Also, "safe by grep audit" means "safe according to a human." The argument of course is that it lowers the surface area of what a human must be trusted to verify. I'm still not convinced by that argument, because human error is a thing. And for actual systems programming, "very rare" may not be true.

staticassertion · on Jan 3, 2017

> How do you suppose runtime bounds checks are done in Rust? They certainly also incur a performance penalty in not-trivial cases.

Certainly. I didn't intend to imply otherwise.

> Also, "safe by grep audit" means "safe according to a human."

Again, totally correct here.

> The argument of course is that it lowers the surface area of what a human must be trusted to verify. I'm still not convinced by that argument, because human error is a thing. And for actual systems programming, "very rare" may not be true.

Well, given a codebase where both safe and unsafe code exists, the amount of unsafe code is strictly less than the amount of both safe and unsafe code. So it does reduce the amount of code needed to audit, even in a very atypical case where a ton of the code is unsafe.

It's true that a project may use egregious amounts of unsafe. That would be unfortunate. Rust is still safer than C in that case, since it just defines more behavior (like arithmetic overflow), but I certainly wouldn't pretend that the rust code should be trusted.

When writing rust one should certainly strive to write less unsafe code, and to always document the invariants required for unsafe code to be safe.

Rust is not 100% safe 100% of the time, I'm only arguing that safe defaults are critical, and that grep auditing is a powerful tool.

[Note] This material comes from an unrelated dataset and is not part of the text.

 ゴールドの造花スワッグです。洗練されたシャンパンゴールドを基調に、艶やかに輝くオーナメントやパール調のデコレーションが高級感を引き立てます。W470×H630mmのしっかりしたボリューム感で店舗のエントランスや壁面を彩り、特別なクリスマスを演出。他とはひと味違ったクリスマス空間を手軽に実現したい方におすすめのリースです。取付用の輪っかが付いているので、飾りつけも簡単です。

alexkehayias · on Jan 4, 2017

I wrote a little tool to help check Rust crates on GitHub. It's been really interesting seeing how different libs use unsafety. https://github.com/alexkehayias/harbor

EugeneOZ · on Jan 3, 2017

Rust is safe in terms of memory usage and race conditions, nobody claims that Rust compiler will catch all 100% of bugs human can invent.

sidlls · on Jan 3, 2017

Rust is safe by default in terms of memory usage. It is not, however, strictly memory safe. It is trivial to overflow a buffer in Rust, for example. I haven't discovered a trivial way to hide it, though.

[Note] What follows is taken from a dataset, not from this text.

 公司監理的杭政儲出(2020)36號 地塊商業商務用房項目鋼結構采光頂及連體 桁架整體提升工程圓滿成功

steveklabnik · on Jan 3, 2017

If Rust is not memory safe in safe code, then you've found a bug. Please report it to https://www.rust-lang.org/security.html

derefr · on Jan 3, 2017

If you're relying on any random third-party Rust crates you haven't audited yourself, don't you lose the safety guarantee? A given crate might turn out to have implemented operations on some data-structure using unsafe blocks, and then to have failed to mark its own API functions as unsafe in turn (like the Rust stdlib does, but without the "extensive manual auditing" that the stdlib gets).

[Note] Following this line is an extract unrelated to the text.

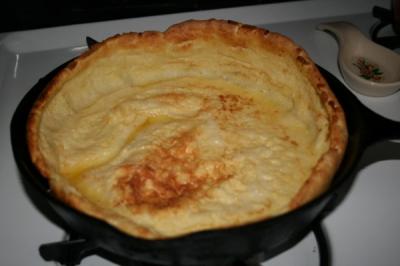 Melt 4 T butter in ovenproof dish or skillet. Mix 2 eggs, ½ C flour and ½ C milk together in small bowl. Pour into skillet and bake at 425 for 15-20 minutes. Puffs up beautifully. Drizzle with syrup or your own toppings.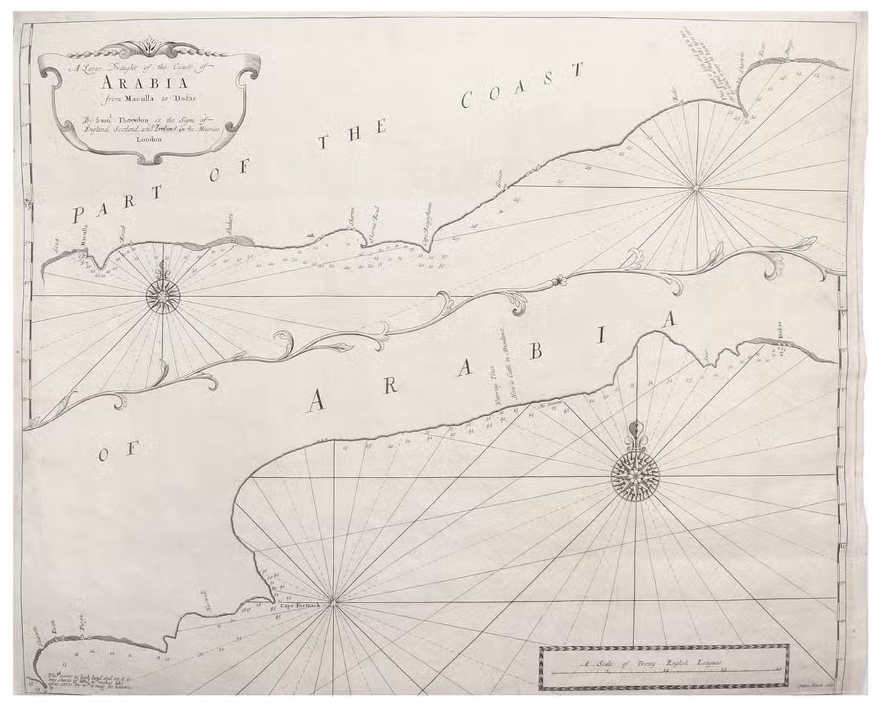 Rare nautical chart of the southern coasts of Yemen and Oman, published in The English pilot ... the third book, and signed at lower right by the engraver: "Sutton Nicholls sculp". The coast is shown in two slightly overlapping parts, the western part above and the eastern part below, with a charming decorative vine dividing them (running diagonally across the chart). Each half has a reticulated scale of degrees latitude, the upper (western) part in the left border and the lower (eastern) part in the right border. Together they show the coast from "Sooa" (?) and "Maculla" (al Mukalla in Yemen) in the west to "Dofar" (Dhofar or Dhufar in Oman) in the east (about 750 km of the coast from about 49 to a bit more than 54°E, at a scale of about 1:750,000). John Seller first published the third book of The English pilot in 1675, but brought John Thornton (1641-1708) into partnership in 1677 and later turned the publication over to him. He served as hydrographer to the English East India Company and published a new edition of the third book in 1703. When he died in 1708, his son Samuel (d. 1715) took charge and published a new edition, including the present map bearing his imprint, in 1711. The three lines with Samuels imprint were removed in a later state of the chart. Tibbetts 177. Not in Al Ankary; Al-Qasimi. For the English Pilot: Tooley, Maps and mapmakers, pp. 59-61.

AFAIK, cargo doesn't have any feature to point out when a crate contains unsafe code—so you pretty much need to grep the source of every crate you consume for "unsafe".

Animats · on Jan 4, 2017

There's a lot more unsafe code in Rust crates than there should be. That's a fixable problem. Some stuff from the early days predates the optimizer getting smart enough that unsafe code isn't needed. I wrote on this a few days ago in a Rust topic.

Manishearth · on Jan 4, 2017

While I now mostly agree with you that there is more unsafe code than there should be, I still maintain that the frequency of unsafe in a deptree is usually still small enough to be practically auditable, ignoring FFI. It could/should be much less, but it's not too bad. I've done such audits a few times and it's not been too hard and taken very little time.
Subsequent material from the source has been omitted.